Currently, whistleblowers are required to make a disclosure ‘in good faith’ in order to qualify for protection. This creates uncertainty for the whistleblower, as companies may allege that the whistleblower has a subjective or collateral motivation in order to deny the whistleblower protection. To address this, a whistleblower must now have reasonable grounds to suspect that misconduct exists in relation to the whistleblower regulated entity, or that disclosable conduct may have been engaged in by the entity.

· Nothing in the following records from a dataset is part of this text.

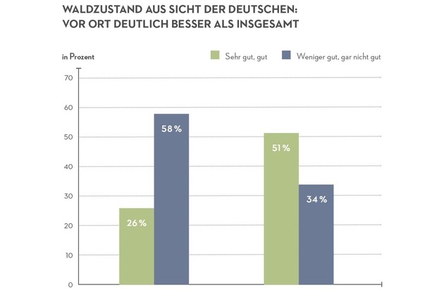 Auf die Frage nach dem Zustand der Wälder in Deutschland ganz allgemein bewerten lediglich 26 Prozent den Zustand als "sehr gut" oder "gut". Demgegenüber stehen 58 Prozent, die den Zustand als "weniger gut" oder "gar nicht gut" einschätzen. Ganz anders fällt das Urteil aus, wenn die Menschen an den Wald "bei sich in der Gegend" denken: Hier bescheinigen 51 Prozent dem Wald einen "sehr guten" oder "guten" Zustand. Nur 34 Prozent bewerten ihn als "weniger gut" oder "gar nicht gut". Damit ist die positive Bewertung des eigenen Nahwaldes nahezu doppelt so hoch wie die des Waldes in Deutschland insgesamt.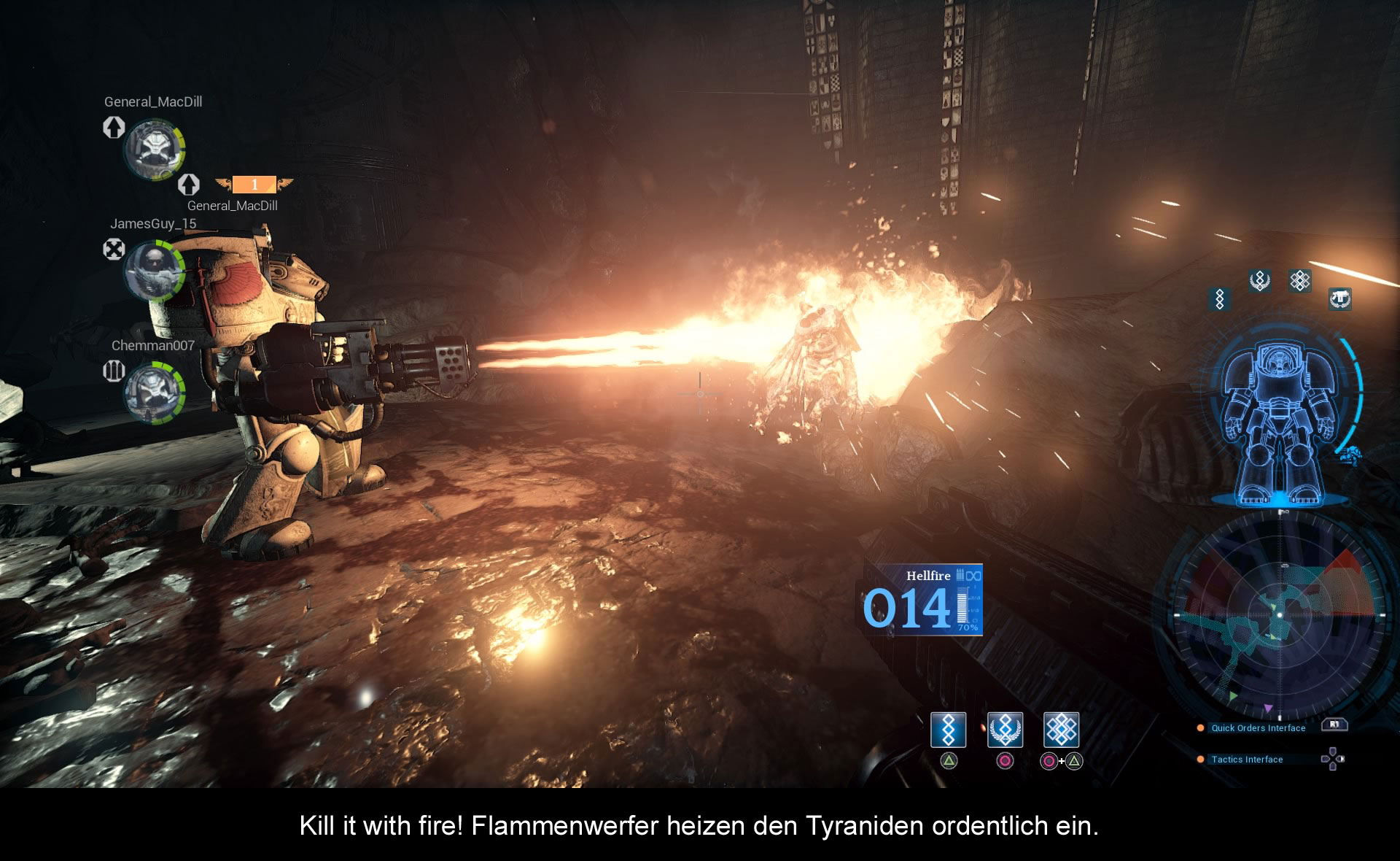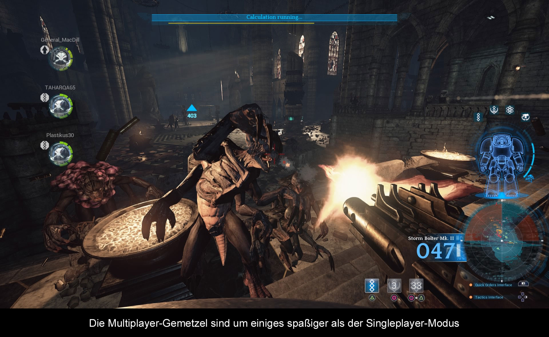 Nach jeder Mission darf ich je nach gefundenen Artefakten und meiner sonstigen Performance Punkte in drei Skill-Bäumen verteilen. Einer macht mich stärker, der zweite meine KI-Kämpfer und der dritte schaltet neue Psyker-Skills frei. Es gibt nicht genug Punkte, um alles freizuschalten, ich muss mich also entscheiden. Und dann sind da natürlich noch die Waffen. Ganz WH40K-typisch sind sie riesig, großkalibrig und machen ordentlich Radau. Deathwing ist wohl das einzige Spiel, welches eine Option besitzt, um die Intensität des Mündungsfeuers einzustellen. Kenner lassen sie natürlich auf Maximum, denn es trägt viel zur Atmosphäre bei, wenn der Sturmbolter dumpf sein Magazin durchrattert und ich für einige Augenblicke nichts Anderes mehr sehe als das riesige Mündungsfeuer, die Körper und Gesichter der Tyraniden, die stroboskopartig aufblitzen und dann meistens in einer Fontäne von Blut wieder verschwinden. Zur Verfügung stehen eine Haupt- und eine Nahkampfwaffe: Vom Sturmbolter über Autokanonen, Plasmakanonen mit sechs Läufen, Flammenwerfern, Blitzklauen und einer Schwert / Schild-Kombination ist alles dabei und lässt sich so auf den eigenen Spielstil und die Gegner anpassen.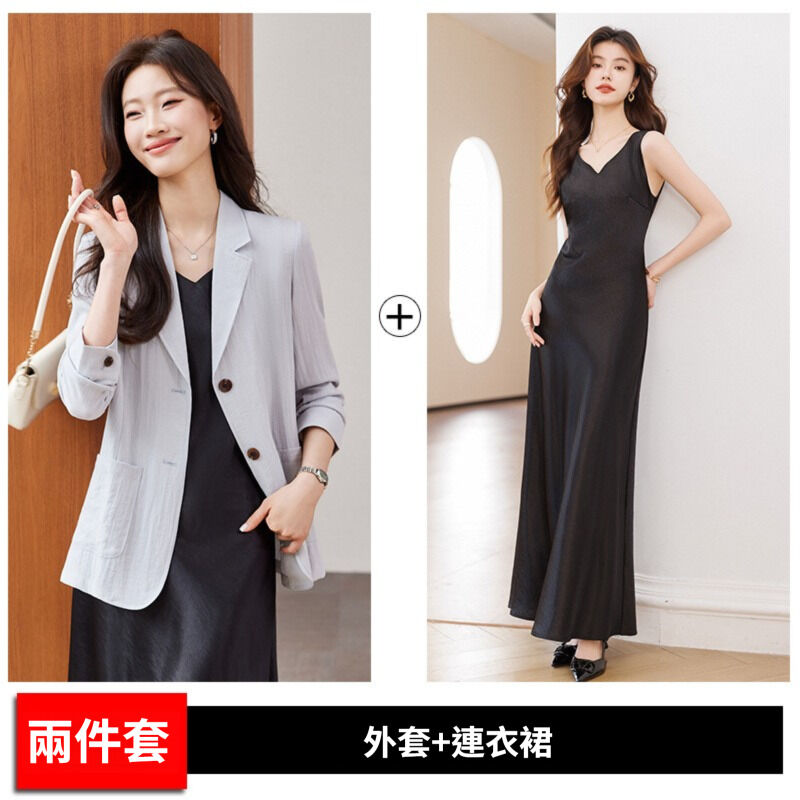簡優 高級感亞麻西裝外套女2026新款春秋時尚今年流行小西服連衣裙套裝

Where a whistleblower has made a disclosure to ASIC, APRA and/or the AFP about a situation the whistleblower reasonably believes presents an imminent risk of serious harm, and the agency has not acted to address the risk, the whistleblower is protected if they then disclose the information to a member of parliament (state, territory or Commonwealth), or a journalist. It does, however, limit protected disclosures to a journalist to people working in a professional capacity as a journalist. This means that public disclosures on social media or self-defined journalists are not protected.
The amendments remove the requirement for the discloser to provide their name when making a protected disclosure, allowing for anonymous disclosures. Disclosure of a whistleblower’s identity would be a civil penalty offence. The Bill also makes it easier for whistleblowers to receive compensation where they have been victimised by introducing a reverse onus of proof. Where a whistleblower seeks compensation, and can prove that they have suffered damage because of another person’s conduct, the other person bears the onus of providing that a reason for that conduct was not a belief or suspicion that the whistleblower made, may have made or proposes to make a protected disclosure.
Submissions regarding the released draft legislation and the explanatory materials closed on November 3. The Government’s recently formed Expert Advisory Panel is also currently considering the draft legislation. The Government intends to consider the Expert Panel’s advice, along with submissions regarding the draft legislation, before finalising the legislation for introduction into parliament before the end of 2017.